Institute of Molecular Medicine and Genetics, and Department of Neurology, Medical College of Georgia, Georgia Health Sciences University , Augusta, GA 30912 , USA.
Biol Open. 2012 Dec 15;1(12):1248-57. doi: 10.1242/bio.20122451. Epub 2012 Oct 11.
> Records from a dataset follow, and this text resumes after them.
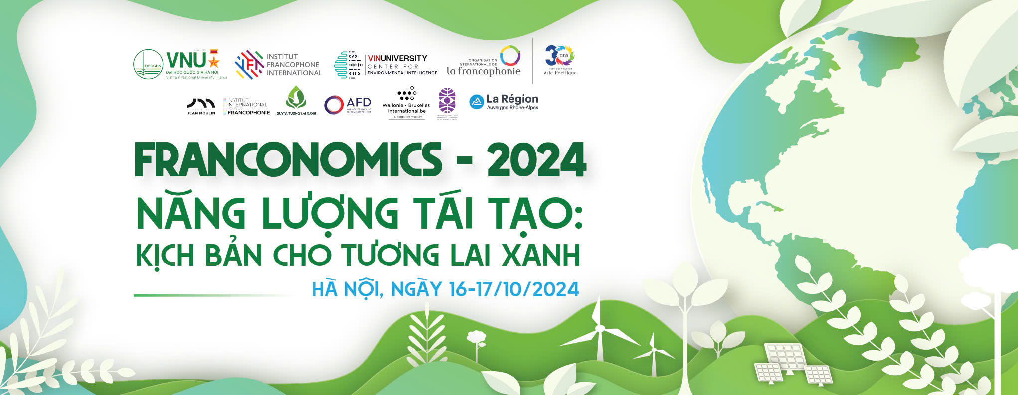 Ngày 16-17/10/2024, tại Hà Nội, Khoa Quốc tế Pháp ngữ - Đại học Quốc gia Hà Nội (VNU-IFI) phối hợp cùng Trung tâm Trí tuệ Môi trường (CEI), trường Đại học VinUni và Tổ chức quốc tế Pháp ngữ (OIF) đồng tổ chức Diễn đàn quốc tế Franconomics - 2024 với chủ đề “Năng lượng tái tạo: kịch bản cho tương lai xanh". Sự kiện có sự đồng hành của Viện Quốc tế Pháp ngữ (2IF) - Đại học Jean Moulin Lyon 3, Quỹ Vì tương lai xanh, Cơ quan Phát triển Pháp tại Việt Nam (AFD), Phái đoàn Wallonie-Bruxelles tại Việt Nam, Viện Nghiên cứu Phát triển Văn hóa, Ngôn ngữ và Giáo dục (CLEF) và Hội đồng Doanh nghiệp Nông nghiệp Việt Nam (VCAC) - Liên đoàn Thương mại và Công nghiệp Việt Nam (VCCI).
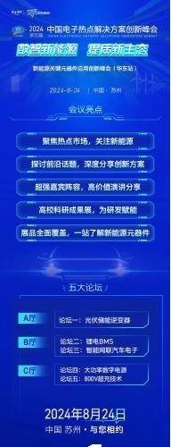 2024年8月24日,中國電子熱點(diǎn)解決方案創(chuàng)新峰會(huì)(下稱“峰會(huì)”)將首次來到華東地區(qū)開設(shè)會(huì)場(chǎng),峰會(huì)將以“數(shù)智新能源 提質(zhì)新生態(tài)”為主題,聚集各界專業(yè)大咖,頭部名企,共討當(dāng)下新能源細(xì)分領(lǐng)域熱點(diǎn)議題,助力華東企業(yè)提質(zhì)增效,構(gòu)建新生態(tài)。
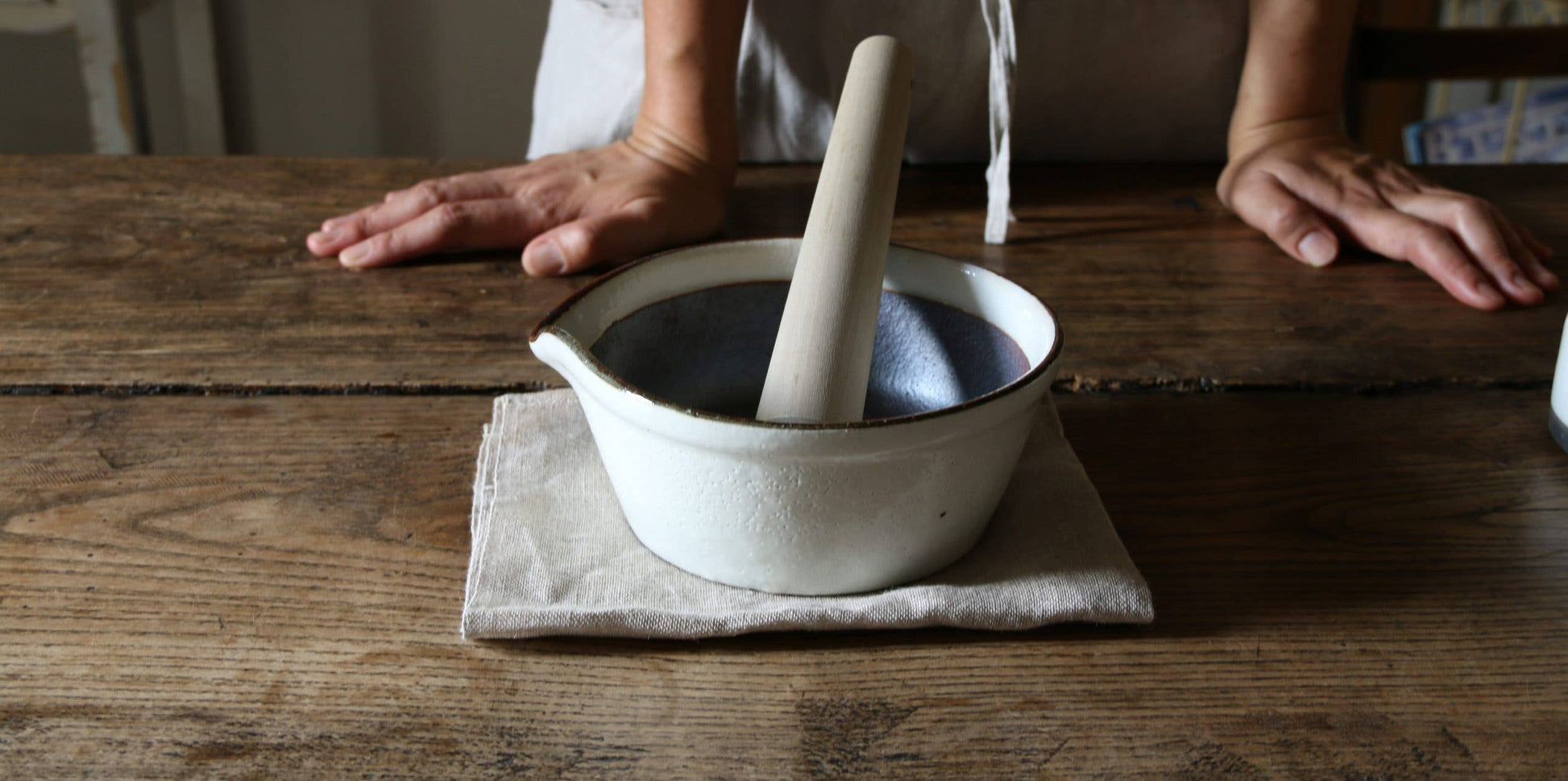 Håndlaget av høykvalitets keramikk og brent ved høy temperatur, er denne morteren både slitesterk og holdbar, samtidig som den har en jevn og naturlig tekstur. Den er utformet for stabilitet og enkel bruk.

VPS35, a major component of the retromer, plays an important role in the selective endosome-to-Golgi retrieval of membrane proteins. Dysfunction of retromer is a risk factor for neurodegenerative disorders, but its function in developing mouse brain remains poorly understood. Here we provide evidence for VPS35 promoting dendritic growth and maturation, and axonal protein transport in developing mouse hippocampal neurons. Embryonic hippocampal CA1 neurons suppressing Vps35 expression by in utero electroporation of its micro RNAs displayed shortened apical dendrites, reduced dendritic spines, and swollen commissural axons in the neonatal stage, those deficits reflecting a defective protein transport/trafficking in developing mouse neurons. Further mechanistic studies showed that Vps35 depletion in neurons resulted in an impaired retrograde trafficking of BACE1 (β1-secretase) and altered BACE1 distribution. Suppression of BACE1 expression in CA1 neurons partially rescued both dendritic and axonal deficits induced by Vps35-deficiency. These results thus demonstrate that BACE1 acts as a critical cargo of retromer in vitro and in vivo, and suggest that VPS35 plays an essential role in regulating apical dendritic maturation and in preventing axonal spheroid formation in developing hippocampal neurons.
VPS35 是 retromer 的主要组成部分,在膜蛋白的选择性内体-高尔基体回收到中发挥重要作用。retromer 的功能障碍是神经退行性疾病的一个风险因素,但它在发育中的老鼠大脑中的功能仍知之甚少。在这里,我们提供了证据表明 VPS35 促进了发育中的老鼠海马神经元的树突生长和成熟以及轴突蛋白运输。通过对其 microRNAs 进行体内电穿孔抑制 Vps35 表达的胚胎海马 CA1 神经元在新生儿期表现出短的顶树突、减少的树突棘和膨胀的连合轴突,这些缺陷反映了发育中的老鼠神经元中存在缺陷的蛋白运输/运输。进一步的机制研究表明,神经元中的 Vps35 耗竭导致 BACE1(β1-分泌酶)的逆行转运受损,并且 BACE1 分布发生改变。在 CA1 神经元中抑制 BACE1 表达部分挽救了由 Vps35 缺陷引起的树突和轴突缺陷。这些结果表明 BACE1 在体外和体内作为 retromer 的关键货物,并且表明 VPS35 在调节发育中的海马神经元中的顶树突成熟和防止轴突球体形成中发挥重要作用。